De plus, des facteurs de risque cardiovasculaire, des biomarqueurs sanguins, des échantillons pour des études moléculaires et des images de la rétine ont été analysés, donnant naissance à une des bases de données les plus complètes jamais réunies sur l’athérosclérose.
AFFECTE 1 SUR 13 DES JEUNES ÂGÉS DE 18 À 29 ANS
Les données présentées indiquent désormais que la maladie est présente même chez des adultes très jeunes. Environ une personne sur treize, âgée de 18 à 29 ans, présentait déjà une athérosclérose dans une artère du corps, et ce taux augmentait avec l’âge, atteignant 9 personnes sur 10 entre 60 et 70 ans.
Par ailleurs, la majorité des personnes qui présentent une athérosclérose dans les artères du cœur (coronaires) en présentent également dans les artères du cou ou des jambes (carotides ou fémorales). Cela revêt une importance pour le dépistage, car l’échographie des artères carotides et fémorales est plus simple, rapide et non invasive.
« Dans notre paradigme, les échographes portables, pouvant être utilisés par n’importe quel professionnel de santé, s’intégreront comme outil standard de dépistage des maladies cardiovasculaires dès les premiers stades de la vie », déclare Ibáñez.
DIFFÉRENCES ENTRE HOMMES ET FEMMES
L’étude révèle également d’importantes différences entre les hommes et les femmes. Chez les hommes, la prévalence augmentait dès des âges plus précoces, avec un profil athérosclérotique décalé de cinq à dix ans par rapport à celui des femmes.
Chez les femmes, l’augmentation la plus marquée intervenait entre 40 et 60 ans, une période qui coïncide, de manière générale, avec la transition ménopausique. Ces résultats soulignent l’utilité d’étudier des stratégies préventives adaptées au sexe et à l’étape de la vie.
À cet égard, le CNIC a ouvert une ligne de recherche parallèle et complémentaire consacrée à l’étude de la maladie athérosclérotique chez la femme.

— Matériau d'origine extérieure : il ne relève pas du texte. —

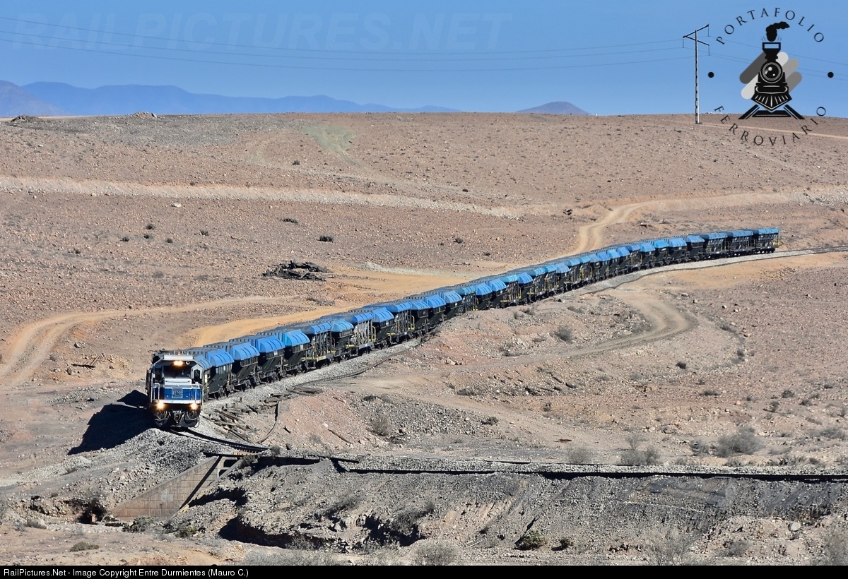 One of the iron trains that daily cross the Atacama area, going down a steep slope towards Empalme Norte and then take the railway branch to the CAP Los Colorados mining site. An EMD demonstrator locomotive leads the train, on a meter gauge track, GT46AC model with EMD corporative blue / grey livery - scheme, currently in the city of Vallenar, under the control of FERRONOR railway company for hauling iron trains between Los Colorados mine in north of Vallenar, and Guacolda port in city of Huasco.

UNE NOUVELLE FAÇON DE PRÉVENIR
Une autre des découvertes les plus pertinentes est que les méthodes conventionnelles utilisées actuellement pour estimer le risque cardiovasculaire (échelles de risque telles que SCORE2) n’identifient qu’une faible proportion des personnes qui présentent déjà une athérosclérose silencieuse.
Pour Ibáñez, ces résultats soulignent la nécessité d’évoluer vers une nouvelle approche de la prévention des maladies cardiovasculaires. « Pendant des décennies, nous avons estimé le risque cardiovasculaire à partir de facteurs tels que l’âge, la pression artérielle ou le cholestérol. Ce travail démontre que nous pouvons désormais aller un pas plus loin et détecter directement la maladie avant qu’elle ne provoque qu’un infarctus ou un accident vasculaire », affirme-t-il.

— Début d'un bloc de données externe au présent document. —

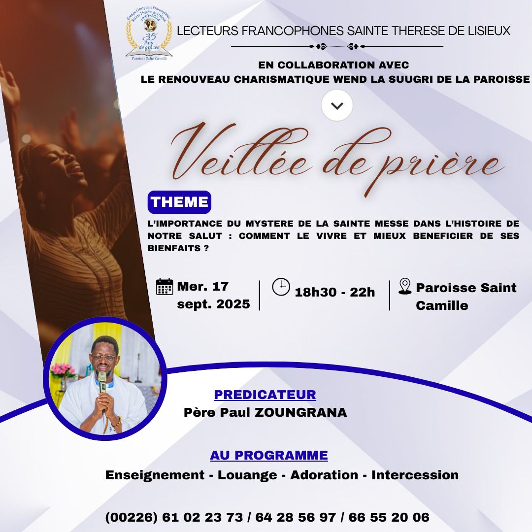 Le. Groupe liturgique sainte Thérèse de Lisieux de la Paroisse Saint Camille Dagnoë en collaboration avec le Renouveau Charismatique catholique Wend-la-suugri nous donne rendez-vous ce mercredi 17 septembre 2025 à partir de 18h pour un temps de grâce. Soyons au rendez-vous.

Selon lui, « la prévention cardiovasculaire de l’avenir doit être plus précise et personnalisée. Si nous identifions l’athérosclérose à ses premiers stades, nous pourrons intervenir plus tôt, adapter les traitements et réduire la charge de la maladie cardiovasculaire ». Le professeur Bundgaard estime que ces résultats représentent une opportunité unique de transformer la prévention cardio-vasculaire. « Jusqu’à présent, les décisions préventives s’appuyaient sur une estimation du risque, mais nous ne savions pas si la maladie était déjà présente. REACT démontre que l’athérosclérose peut être détectée des décennies avant l’apparition des manifestations cliniques et fournit l’atlas le plus complet de l’évolution de cette maladie au cours de la vie adulte », a-t-il ajouté.

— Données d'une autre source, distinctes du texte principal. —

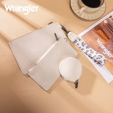 This detachable 3 pouch wristlet features 2 square wallet and a round case (earbud holder) and a wristlet Made of PU leather the wristlet wallets have:- Leopard print Wrangler logo...

L’auteur ajoute que les résultats obtenus constituent la base scientifique nécessaire pour évaluer un nouveau modèle préventif. « Identifier et traiter l’athérosclérose silencieuse le plus tôt possible est fondamental pour réduire la charge mondiale de maladies cardiovasculaires. Nos résultats soutiennent la réalisation d’études prospectives visant à évaluer si une stratégie préventive guidée par des techniques d’imagerie, y compris l’utilisation d’échographie portable, peut améliorer les normes actuelles. Si cela est confirmé, cela signifiera l’intégration de la médecine de précision dans l’attaque la plus fréquente des maladies cardiovasculaires », conclut-il.